_Record extracts:_
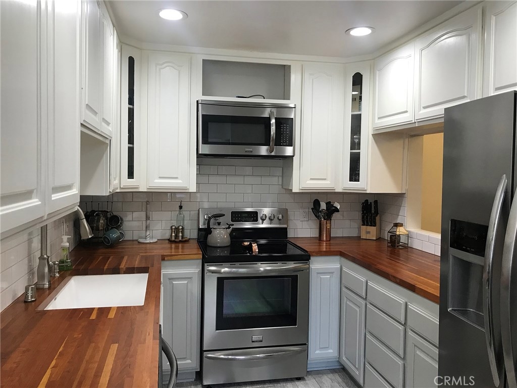Price Reduced! The property fell out of escrow-buyer did not perform. Great value for the proximity to Ventura Blvd.!! You'll be walking distance to some of the most popular restaurants, shopping, transportation and destinations on the Blvd. Check out this Gorgeous townhome with a charming private patio with 2 bedroom and 2 bathrooms in a fantastic Sherman Oaks neighborhood. This is an interior unit that is within a secured community. Open living and dining area with laminate wood flooring with a breakfast bar and updated kitchen with charming butcher block counters, updated backsplash, recessed lighting and in-unit laundry. All appliances are included. The upgraded half bath also has butcher block counters and there is upgraded tile in the upstairs bathroom. Two large closets in the master suite with lots of storage. This is an end unit and therefore it has side windows that let in lots of natural light in the kitchen and master bedroom. There are beautiful plantation shutters throughout. Well run HOA with dues that cover water, electric, earthquake insurance, well maintained BBQs, outdoor dining areas, a rec room with a pool table, kitchen and bathroom, heated pool and spa, lighted subterranean parking and trash. Must see to appreciate how charming and immaculate this home is.
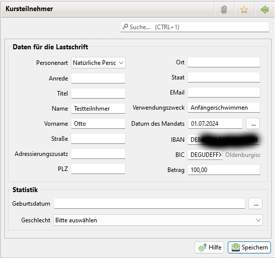 Mit dem Button Neu kann ein neuer Kursteilnehmer eingerichtet werden.
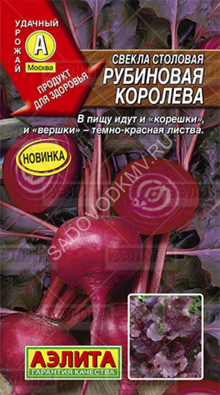 Среднеспелый (120-130 дней) сорт, не требующий прореживания всходов. Корнеплод округлый, темно-вишневой окраски, с гладкой поверхностью, массой 280-350 г. Мякоть темно-бордовая, сочная. Благодаря небольшой погруженности в почву, корнеплоды легко выдергиваются при уборке. Ценность сорта: высокая урожайность, хорошая лежкость. Назначение универсальное.
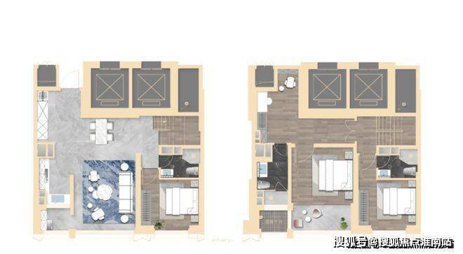 尤其主卧星级套房,配置独立衣帽间、书房,奢华主卫四分离,双台盆+淋浴区+大浴缸+智能马桶,私密性&奢适度无敌;
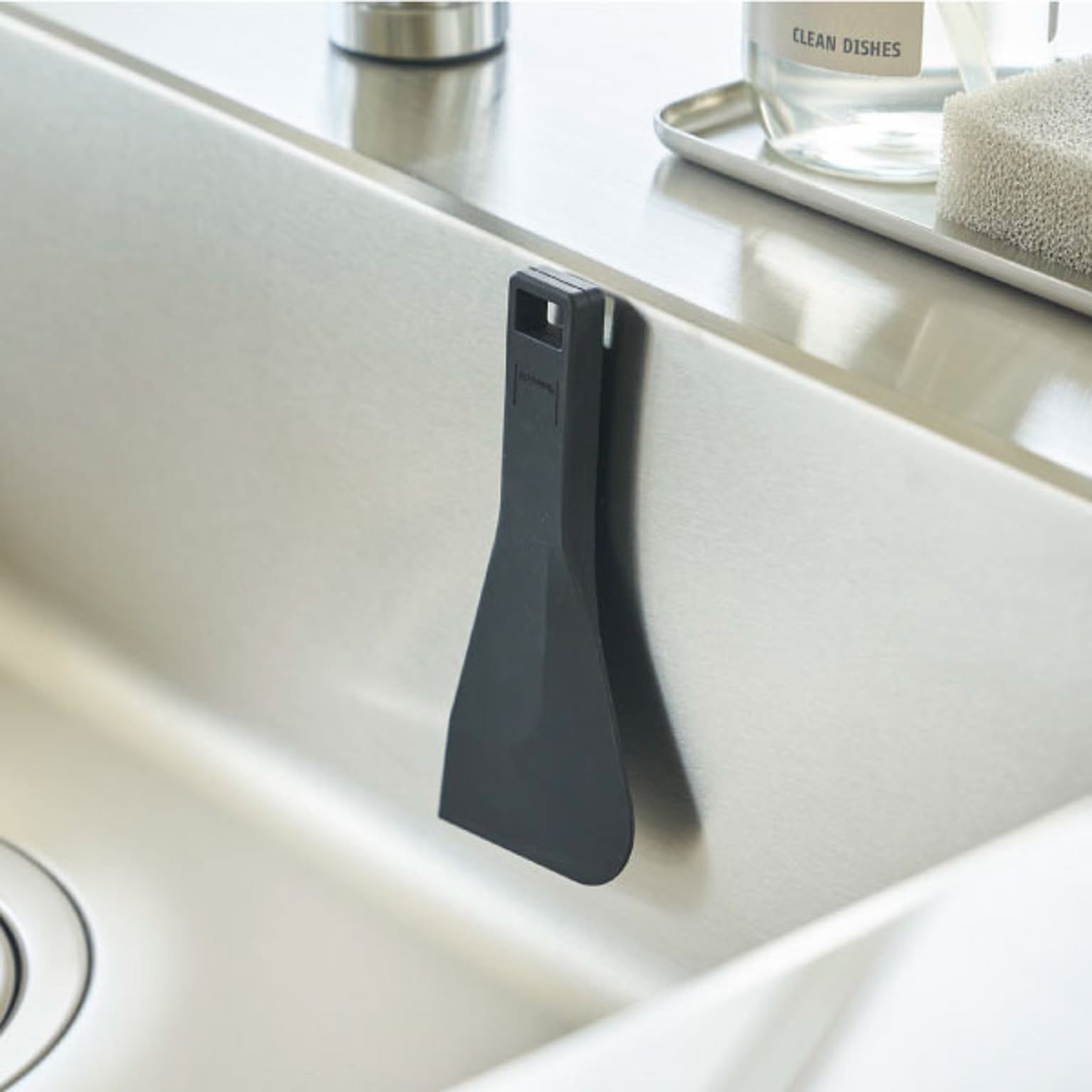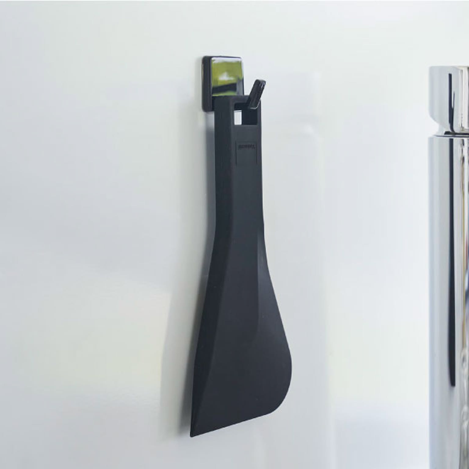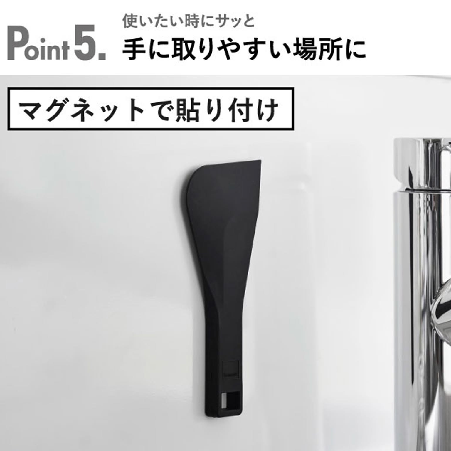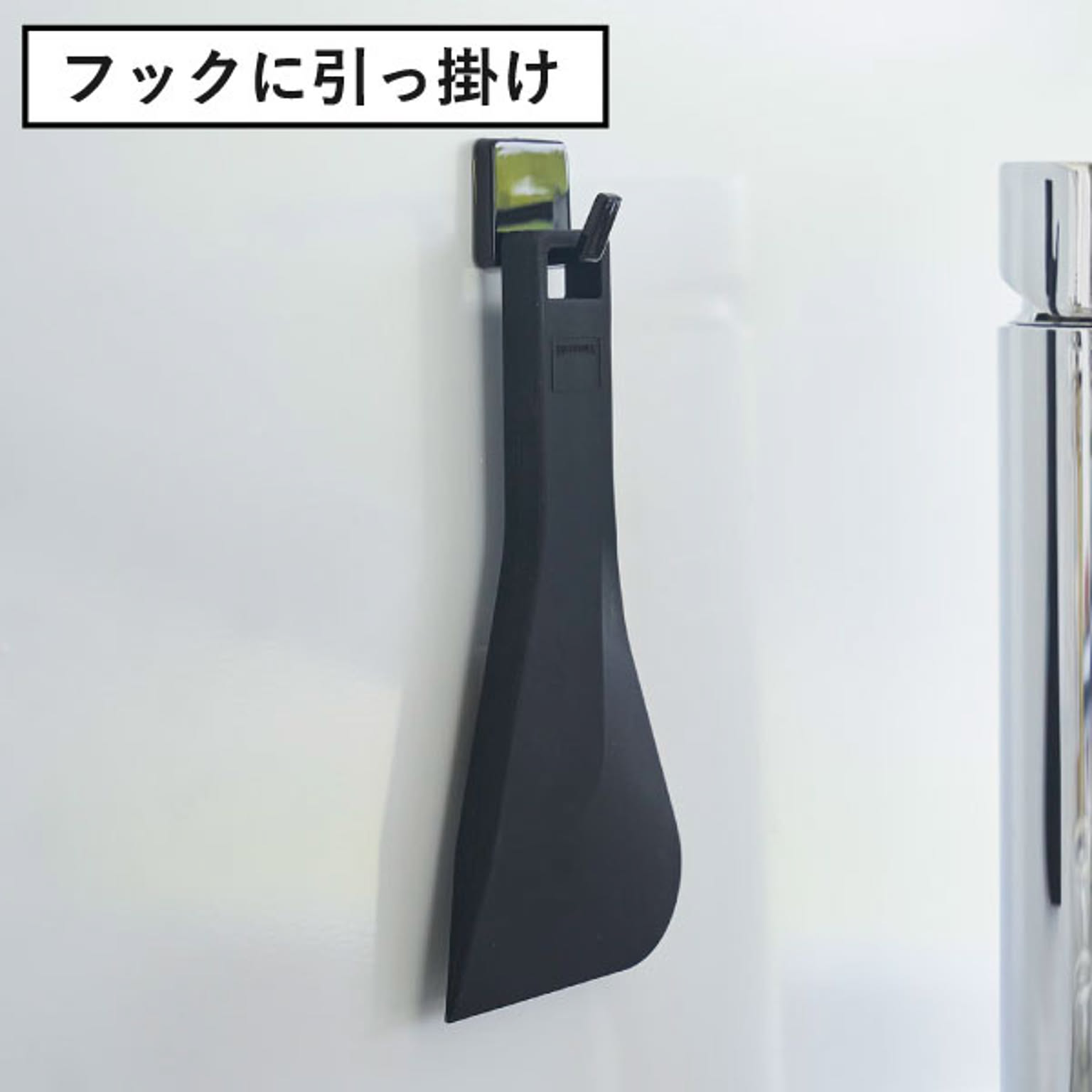 ヘラの収納方法は、マグネットで貼り付ける方法とフックに引っ掛ける方法があり、

_Brief:_ Copy the entries above verbatim. Pictures do not belong in the copy.

_Exercise solution:_
Price Reduced! The property fell out of escrow-buyer did not perform. Great value for the proximity to Ventura Blvd.!! You'll be walking distance to some of the most popular restaurants, shopping, transportation and destinations on the Blvd. Check out this Gorgeous townhome with a charming private patio with 2 bedroom and 2 bathrooms in a fantastic Sherman Oaks neighborhood. This is an interior unit that is within a secured community. Open living and dining area with laminate wood flooring with a breakfast bar and updated kitchen with charming butcher block counters, updated backsplash, recessed lighting and in-unit laundry. All appliances are included. The upgraded half bath also has butcher block counters and there is upgraded tile in the upstairs bathroom. Two large closets in the master suite with lots of storage. This is an end unit and therefore it has side windows that let in lots of natural light in the kitchen and master bedroom. There are beautiful plantation shutters throughout. Well run HOA with dues that cover water, electric, earthquake insurance, well maintained BBQs, outdoor dining areas, a rec room with a pool table, kitchen and bathroom, heated pool and spa, lighted subterranean parking and trash. Must see to appreciate how charming and immaculate this home is.
 Mit dem Button Neu kann ein neuer Kursteilnehmer eingerichtet werden.
 Среднеспелый (120-130 дней) сорт, не требующий прореживания всходов. Корнеплод округлый, темно-вишневой окраски, с гладкой поверхностью, массой 280-350 г. Мякоть темно-бордовая, сочная. Благодаря небольшой погруженности в почву, корнеплоды легко выдергиваются при уборке. Ценность сорта: высокая урожайность, хорошая лежкость. Назначение универсальное.
 尤其主卧星级套房,配置独立衣帽间、书房,奢华主卫四分离,双台盆+淋浴区+大浴缸+智能马桶,私密性&奢适度无敌;
 ヘラの収納方法は、マグネットで貼り付ける方法とフックに引っ掛ける方法があり、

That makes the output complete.